• Problem details: Write out the whole listing exactly; no images belong in it.

• Stored data:
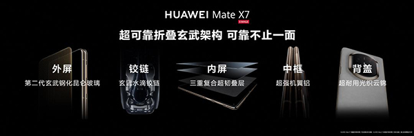 Mate X7機(jī)身架構(gòu)實(shí)現(xiàn)革命性突破,搭載超可靠折疊玄武架構(gòu),可靠不止一面。第二代玄武鋼化昆侖玻璃外屏[ HUAWEI Mate X7典藏版外屏采用第二代玄武鋼化昆侖玻璃。
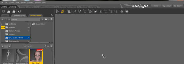 As of today I can't load scenes when the loading/creating tab is selected, but I can load scenes when the posing/shaping tab is selected. Also the loaded scene disappears when I re-select the loading tab. "Wa-happen?"
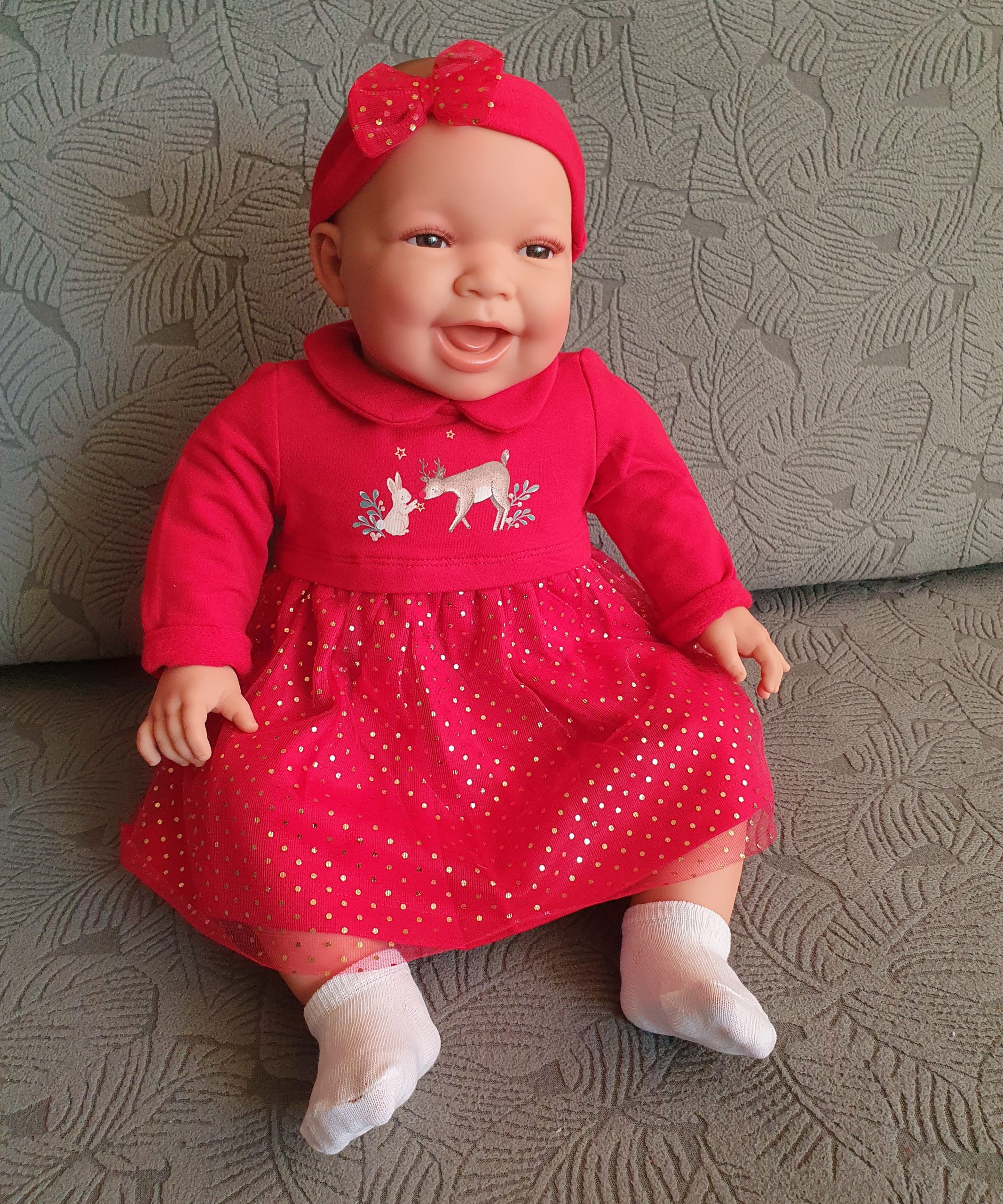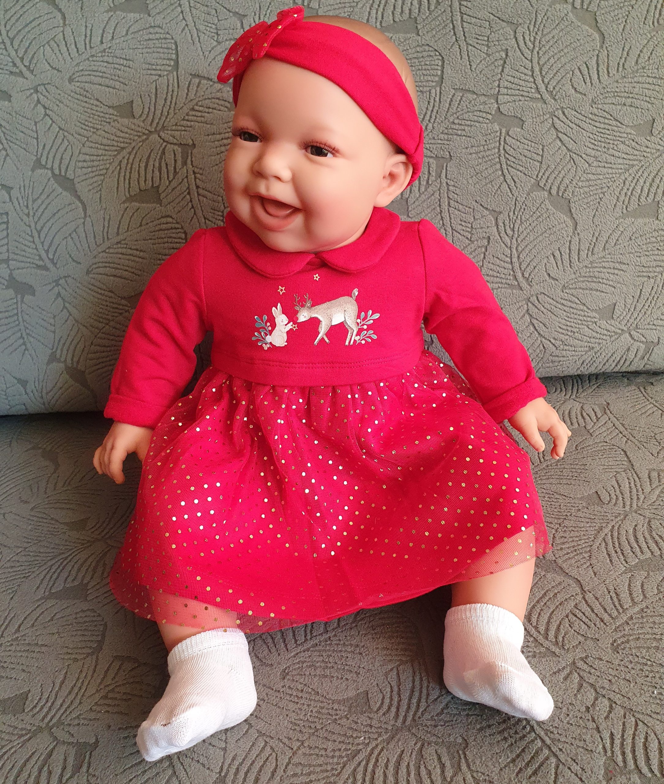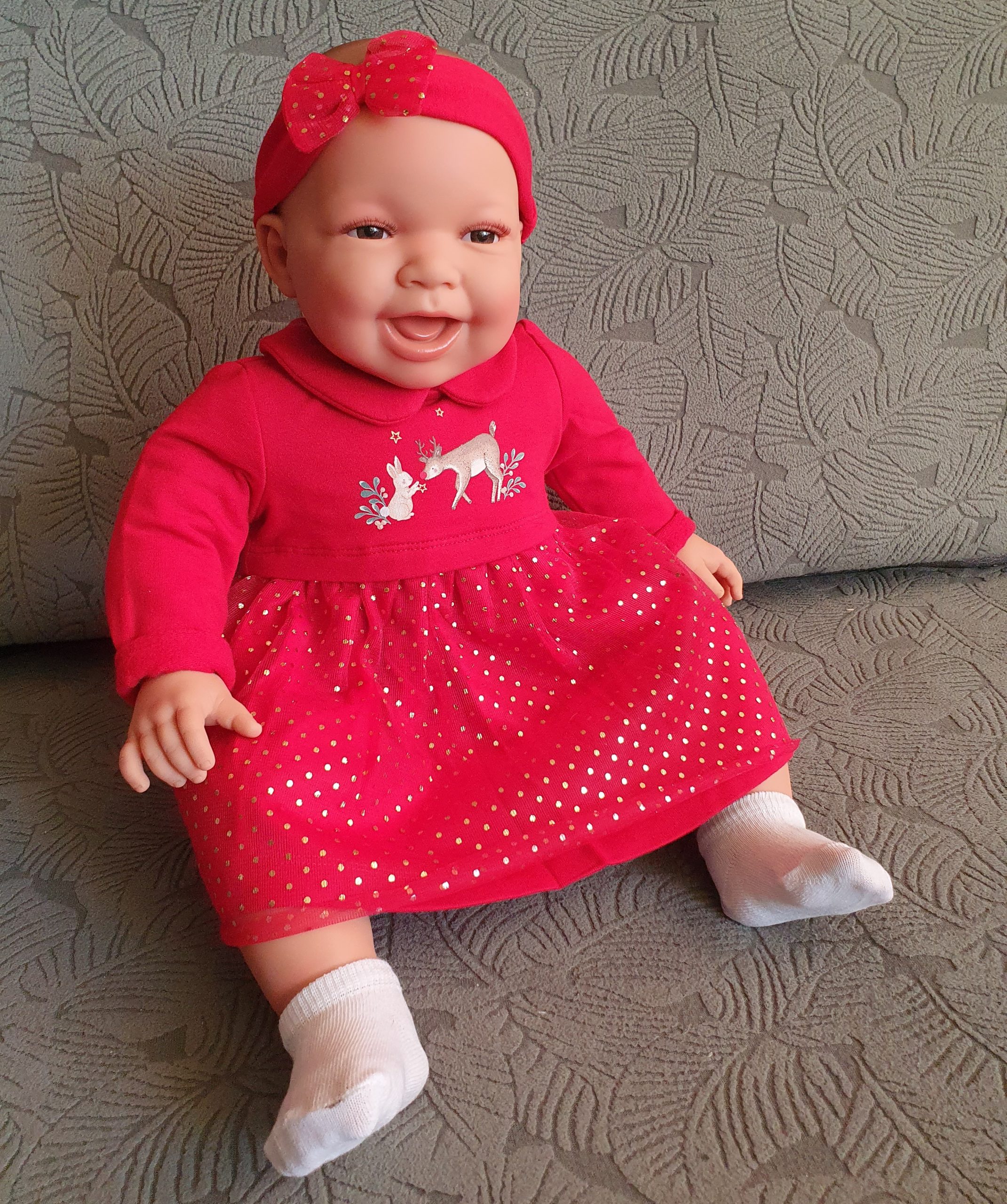 Grote maat Levensechte babypop Naomi met lachend gezichtje van het exclusieve merk Doro Dolls by Berenguer maat ca 53 cm.

• Exercise output:
 Mate X7機(jī)身架構(gòu)實(shí)現(xiàn)革命性突破,搭載超可靠折疊玄武架構(gòu),可靠不止一面。第二代玄武鋼化昆侖玻璃外屏[ HUAWEI Mate X7典藏版外屏采用第二代玄武鋼化昆侖玻璃。
 As of today I can't load scenes when the loading/creating tab is selected, but I can load scenes when the posing/shaping tab is selected. Also the loaded scene disappears when I re-select the loading tab. "Wa-happen?"
 Grote maat Levensechte babypop Naomi met lachend gezichtje van het exclusieve merk Doro Dolls by Berenguer maat ca 53 cm.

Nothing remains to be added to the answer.